Purkey v. Barr, Civil Action No. 1:19-cv-3570 (TSC)

CourtUnited States District Courts. United States District Court (Columbia)
Writing for the CourtTANYA S. CHUTKAN, United States District Judge
Citation474 F.Supp.3d 1
Parties Wesley I. PURKEY, Plaintiff, v. William P. BARR, et al., Defendants.
Decision Date15 July 2020
Docket NumberCivil Action No. 1:19-cv-3570 (TSC)

474 F.Supp.3d 1

Wesley I. PURKEY, Plaintiff,
v.
William P. BARR, et al., Defendants.

Civil Action No. 1:19-cv-3570 (TSC)

United States District Court, District of Columbia.

Signed July 15, 2020


474 F.Supp.3d 5

Brian J. Fleming, Charles FrancisBenedict McAleer, Jr., Miller & Chevalier, Chartered, Washington, DC, Rebecca Woodman, Pro Hac Vice, Rebecca E. Woodman, Attorney at Law L.C., Kansas City, MO, for Plaintiff.
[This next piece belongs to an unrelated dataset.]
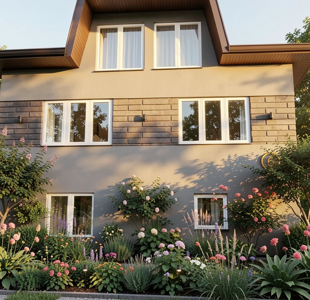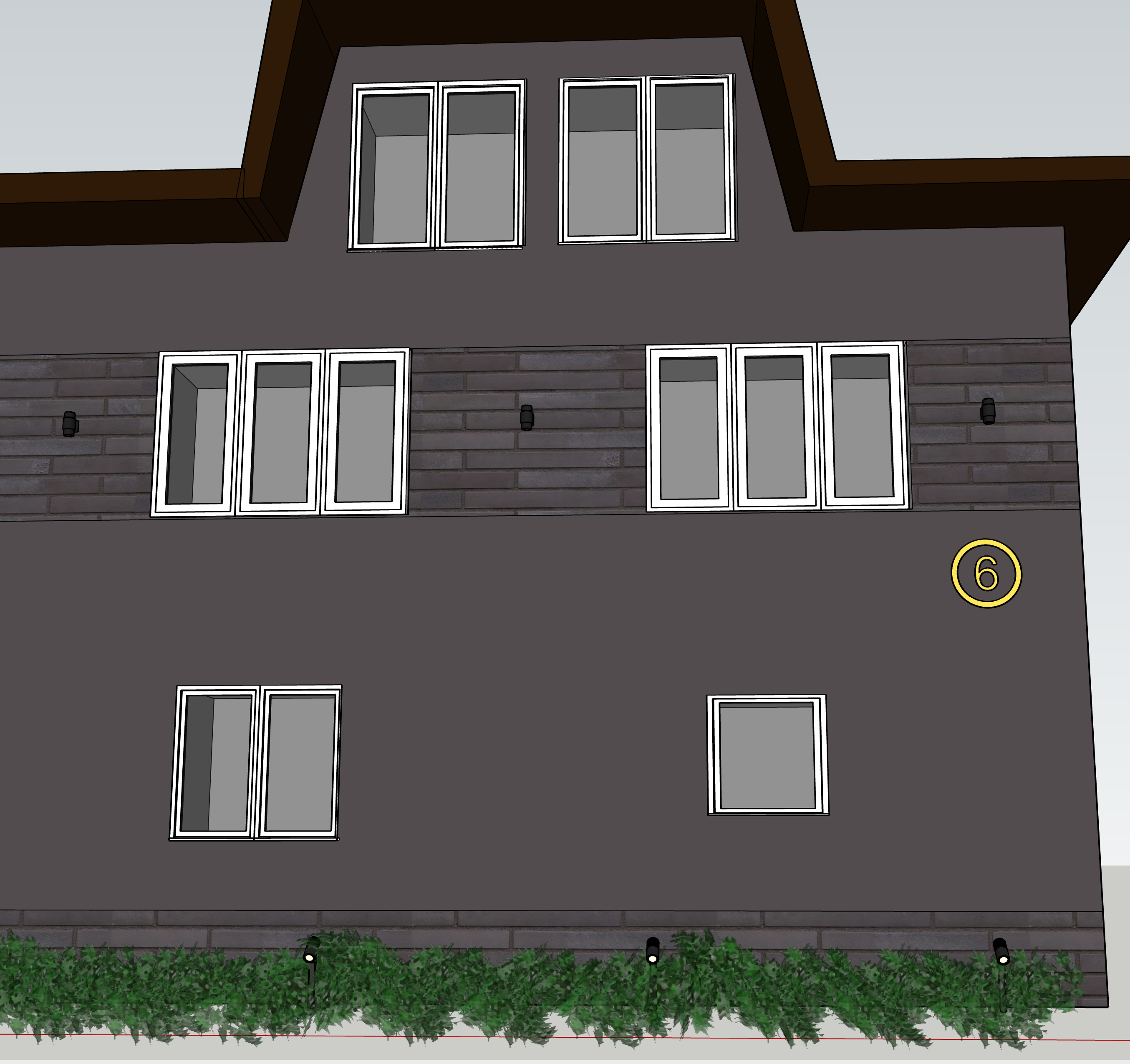 add garden in front off the house make it evening light make the house dark gray make number 6 glow make lights glow don t add the door follow the original image

John Benton Hurst, U.S. Attorney's Office, Kansas City, MO, for Defendants.

ORDER

TANYA S. CHUTKAN, United States District Judge

Plaintiff Wesley Ira Purkey is 68 years old. As a child, he experienced repeated sexual abuse and molestation by those charged with caring for him. (ECF No. 1, Compl., ¶ 20.) As a young man, he suffered multiple traumatic brain injuries—first in 1968, when he was 16, and again in 1972 and 1976, when he was 20 and 24 respectively. (ECF No. 1-1, Agharkar Report, at 22.) At 14, he was first examined for possible brain damage, and at 18, he was diagnosed with schizophrenic reaction, schizoaffective disorder, and depression superimposed upon a pre-existing antisocial personality. (Id. at 5.) At 68, he suffers from progressive dementia, schizophrenia, complex-post traumatic stress disorder, and severe mental illness. (Compl., ¶¶ 14, 21, 24.)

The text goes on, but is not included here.